Cobalah delete semua akun medsos yang kita punya. Dalam hitungan hari kita boleh jadi akan menyadari bahwa sebagian besar komentar kita di media sosial tidak penting-penting amat, yang 'lenyap' digeser oleh jutaan komentar lain yang berebut perhatian, dan komen kita pun dilupakan bahkan sangat mungkin dari ribuan komentar yang pernah kita tuangkan di status, kolom komentar, story, ada sebagian atau beberapa di antaranya yang hanya menambah banyak catatan amal buruk kita yang kelak harus kita pertanggungjawabkan di hadapan Tuhan.
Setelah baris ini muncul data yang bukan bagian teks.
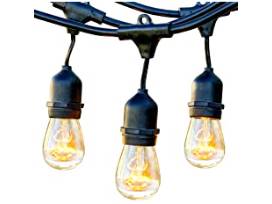 Brightech Ambience Pro Waterproof Outdoor String Lights. Hanging industrial 11W Edison bulbs on a 48 Ft wire, these vintage patio bistro lights are the perfect addition to any outdoor space.

Hari demi hari di medsos kita bertikai dan, sayangnya, pertikaian itu sebagian di antaranya  hanya demi membela prasangka kita, atau dugaan atau penafsiran kita atas realitas dan pertikaian yang kita imbuhi dengan dusta, fitnah dan caci-maki tak lantas mengubah pandangan orang lain menjadi sesuai dengan pandangan kita. Seringkali kita malah jengkel sendiri, lalu kita secara tak sadar merawat kejengkelan itu dengan sikap yang amat waspada pada keburukan atau kesalahan pihak yang tak kita sukai, entah karena alasan beda tafsir hingga karena beda idola dan pandangan politik. Maka sebagian netizen bagaikan burung pemakan bangkai setiap ada kesalahan sekecil apapun dari 'lawan' kita beramai-ramai menistanya, mengumbar hinaan, dan sejenisnya. Seluruh konsentrasi kita arahkan pada keburukan liyan, seolah-olah tak ada sedikitpun kebaikannya. Kita bahas berhari-hari keburukannya, demi memuaskan rasa sengit kita, rasa benci kita.
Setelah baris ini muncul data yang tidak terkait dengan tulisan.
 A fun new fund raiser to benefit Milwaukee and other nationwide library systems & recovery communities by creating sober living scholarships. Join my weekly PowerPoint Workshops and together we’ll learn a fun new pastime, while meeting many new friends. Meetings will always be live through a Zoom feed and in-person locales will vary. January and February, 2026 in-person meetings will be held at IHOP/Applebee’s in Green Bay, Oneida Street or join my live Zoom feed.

Keburukan atau kesalahan orang lain terus menjadi perhatian sebagian orang bagai lalat yang mengerumuni kotoran, suka sekali berkerumun mengais-ngais kotoran. Setiap hari kita mengisi pikiran dan hati kita dengan menyesap keburukan liyan untuk menyuburkan keburukan yang ada pada diri kita sendiri. Atau, kita rajin mengabarkan kesalahan dan keburukan liyan demi menutupi kesalahan dan keburukan diri, hingga lama-lama kita merasa selalu lebih benar karena tak pernah menengok lagi pada kesalahan dan keburukan diri kita.

Pada akhirnya, semua komentar kita akan hilang di telan waktu. Yang tersisa adalah catatan sifat dan nafsu apa yang kita sertakan dalam komentar kita dusta, fitnah, benci, dengki, marah, cinta, kasih sayang dan sebagainya yang akan dihisab atau diperhitungkan kelak di yaumil hisab.
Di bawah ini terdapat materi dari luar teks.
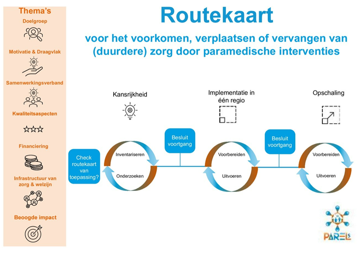 De routekaart helpt bij het doorlopen van het proces van starten en opschalen van paramedische interventies waarmee de kans op succes wordt vergroot. Het uitgangspunt hierbij is een interventie waarvoor wetenschappelijke aanwijzingen zijn voor het voorkomen, vervangen of verplaatsen van (duurdere of onnodige) zorg.

Selain mulut, ternyata jari jemari juga memiliki peluang banyak dosa. Lewat ketikan dan tulisan komentar yang tidak terkontrol. Apakah komentar kita menyakiti orang lain atau tidak. Maka arahkan hati dan pikiran ke sela-sela jarimu, agar tulisan komentar yang kamu ketik pada ruang virtualmu benar-benar memiliki esensi. Tidak menimbulkan kegaduhan dan menyakiti hati orang lain.